Jake exchanged inquiring looks with the other two.
It was his dad who said, “Carrie was pretty damn hysterical, screaming her head off. I think we might have missed hearing that, what with the dogs yapping an’ all. Sure to be tire tracks out front if your patrol car hasn’t mussed them.”
“Well.” Dex sighed again as he lugged his heft to standing position. “I doubt I’ll be able to see anything tonight, but I’ll have a look with a flashlight. Any arguments with your clients, Ray? Any disagreements over a bill perhaps, dissatisfaction with a hunt, somethin’ like that? Anything at all you can think of?”
His father shot back his whiskey, and shook his head. “Nothing. Nothing like that at all. Most of my clients are either regulars, recommended by regulars, or come here through their firms who have contracts with me. If they were dissatisfied, I’d hear from the firms, but there’s been nothing like that, nothin’ at all.” He banged his glass on the table.
Carrie swayed slightly and his dad gathered her to him as he stooped beside her.
“Really, Dex, I think I better see Carrie to bed.
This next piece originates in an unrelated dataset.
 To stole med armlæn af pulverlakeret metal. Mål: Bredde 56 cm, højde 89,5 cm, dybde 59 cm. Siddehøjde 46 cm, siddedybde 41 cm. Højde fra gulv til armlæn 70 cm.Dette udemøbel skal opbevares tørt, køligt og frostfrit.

I think this is all just too much for one night now, and we’ll all feel better in the mornin’.” He grasped her by the shoulders. “I hope.”
I won’t feel better. Jake leaned back against the wall and swigged his whiskey. I won’t feel better at all.
****
The odor of Lysol wafted in on a late morning breeze as Carrie sat in front of her blank page on the computer, wondering if she would ever be able to write another word. The page beckoned her accusingly, as if she had made it a promise she didn’t keep.
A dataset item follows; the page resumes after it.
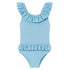 The Bahamas swimsuit for baby girls comes in a bright blue. The shiny lurex creates a luminous effect reminiscent of the crystal clear waters of the Caribbean.

She glanced outside to watch Ray carrying a shrouded Alamo to the grave Jake had dug some distance from the yard. He carefully lowered the canine in before grabbing a second shovel to help put back the top layer of earth. Crockett and Star lay at Carrie’s feet, a feeling of desolation so great emanating from the two remaining dogs that, whenever she considered their loss, an upsurge of tears would begin and the dogs would whimper and beat their tails like old women keening and pounding their chests in mourning.
Beyond the glass, she saw Ray dust down his hands and give the earth one last tamping with his boots before heading to a shed to put the shovels away. Jake was filling a bucket from the outside tap, the Lysol bottle nearby, no doubt to wash down the kennel floor for what, to Carrie, was about the millionth time.
No one had had more than coffee for breakfast, and a very subdued Mabel made an unusually quiet circuit of the house.
Carrie reviewed her earlier telephone conversation with Paige, to cry on her shoulder, as her daughter had put it. She’d obviously been the wrong one to seek for sympathy; all business as usual, her daughter had pointed out the loss of a dog was ‘hardly, well, you know, he may be man’s best friend, but he wasn’t a human.’ And so, now the funereal air was so ubiquitous, Carrie had a sudden urge to just get out, when the two men entered.
“Had to be someone who knows the place, knows the lay-out,” Ray was saying. “I don’t understand it at all. He’d been into the shed and tampered with the breaker for the outside lights. Who would do such a thing, Jake? Why would they do such a thing?”
Carrie sensed the younger man was staring at her, trying to read her.